Comfortable financial risk profile The financial risk profile of the company is marked by comfortable capital structure and liquidity position albeit increasing operating cycle. Given the change in the company’s business model from that of outsourced manufacturing model to own assembling and manufacturing model, the company’s term debt has increased over the last 2 financial years. However, the overall gearing (including net creditors) of the company reduced to 0.64 times as on March 31, 2017 (as against 1.07 times as on March 31, 2016) owing to lower utilisation of Non-Fund based limits due to curtailed operations in H2FY17. Further, Lava has raised additional capital in December 2017 upon conclusion of a USD 30 million (Rs.192.46 Crore) preferential investment from a Chinese investor, Tsinghua Unigroup. The company had also signed a deal for preferential allotment of Rs.52 cr to Benett Coleman Company Ltd in Sept-17. This has resulted in improved capital structure and liquidity position. The liquidity position has been further supported with the company receiving Rs.291.85 Cr. (from February - April 2017) from Custom Department towards refund of excess CVD paid in FY15 and FY16. As on December 31, 2017, the company had free cash and bank balance (including Mutual Fund investments) of Rs.407 crore. The operating cycle however increased to 41 days during FY17 from 23 days in FY16 on account of increase in inventory period to 61 days during FY17 from 47 days in FY16. Also, the average collection period has increased during the period as the company has been extending higher credit period to some of its channel partners so as to push the sales.

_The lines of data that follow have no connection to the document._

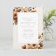 O convite apresenta um esquema sofisticado com um fundo de creme suave. Nas bordas superior e inferior, delicadas flores aquáticas em tons quentes de laranja, creme e castanho mudado enquadram o texto, adicionando um toque natural e orgânico ao design. O arranjo floral está disposto de forma artística para criar um aspecto equilibrado e harmonioso, melhorando a refinada estética do convite. A área central do texto é delimitada por uma estrutura fina e dourada, que dá à design um toque de luxo sem sobrecarregar a simplicidade da disposição geral. O texto é definido em uma fonte serif clássica, oferecendo um eterno e um apelo gracioso, perfeito para um evento formal. A combinação da delicada paleta de cores e da elegante tipografia faz desse convite uma escolha ideal para casamentos com um tema romântico, inspirado no outono. Essa design é perfeita para casais que buscam incorporar a beleza da temporada de outono à sua papelaria de casamento enquanto mantêm uma apresentação polida e sofisticada.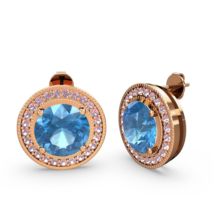 Pembe kuvars ve akuamarin 925 ayar rose altın kaplama gümüş küpe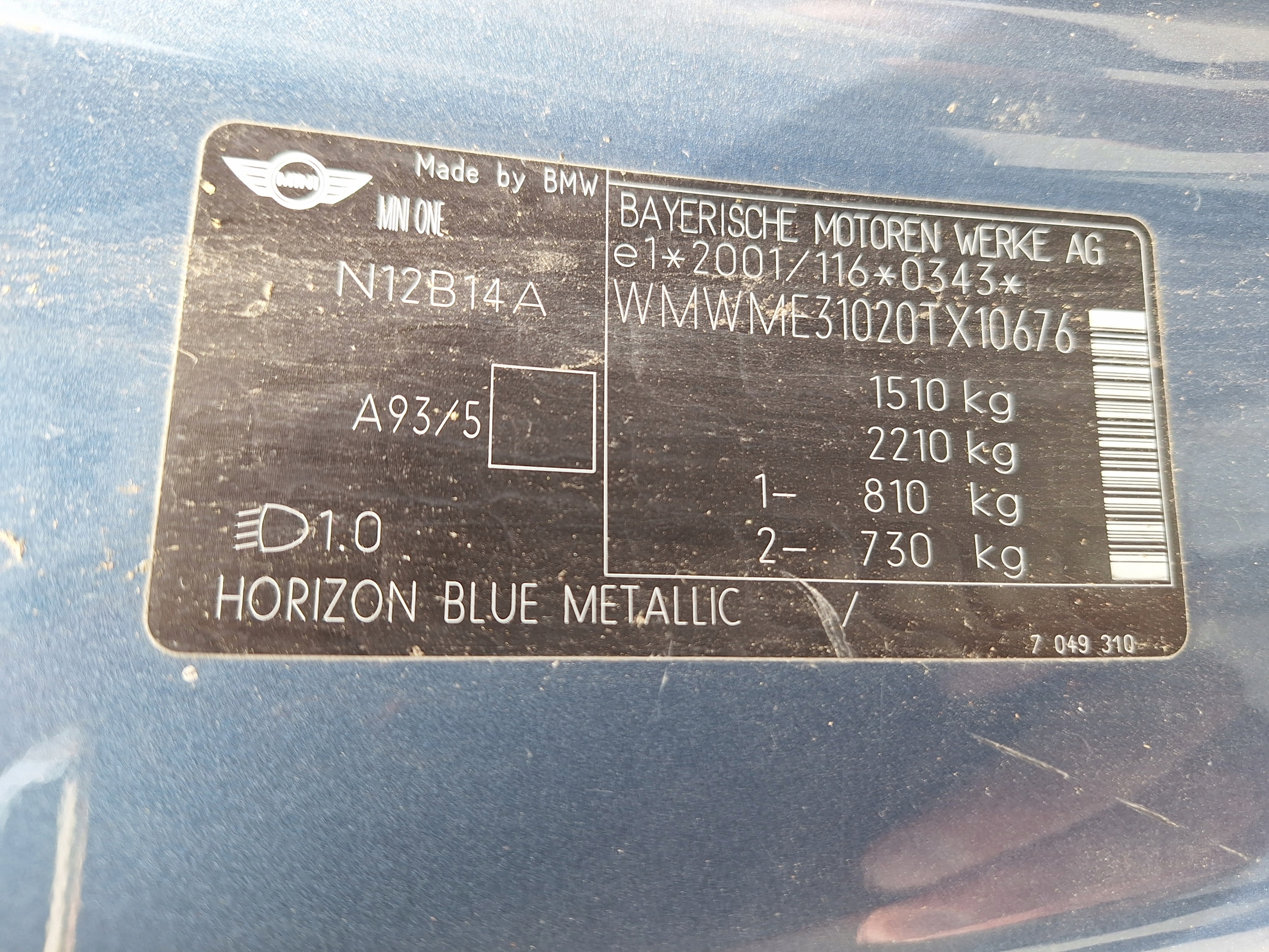 | Оригинальный каталожный номер: | MMN1201A6437, MINI-N ME31 AA |

Change in Govt. Policies to incentivize manufacturing including recent hike in Basic Custom Duty The Govt. of India (GOI) has increased the Basic Custom Duty (BCD) on import of electronic goods including mobile phones during FY18 in order to encourage local manufacturing. The Custom Duty on mobile phones has been increased from 10% to 20% (5% each in December 2017 and February 2018 Budget announcement). This implies a duty differential of nearly 20% that exists between importing Completely Built Units (CBUs) as against import and assembly of Semi Knocked Down Units (SKDs) in India. As Lava imports and assembles nearly 95% of its requirement at its two manufacturing units in Noida, this is likely to be a positive for the company.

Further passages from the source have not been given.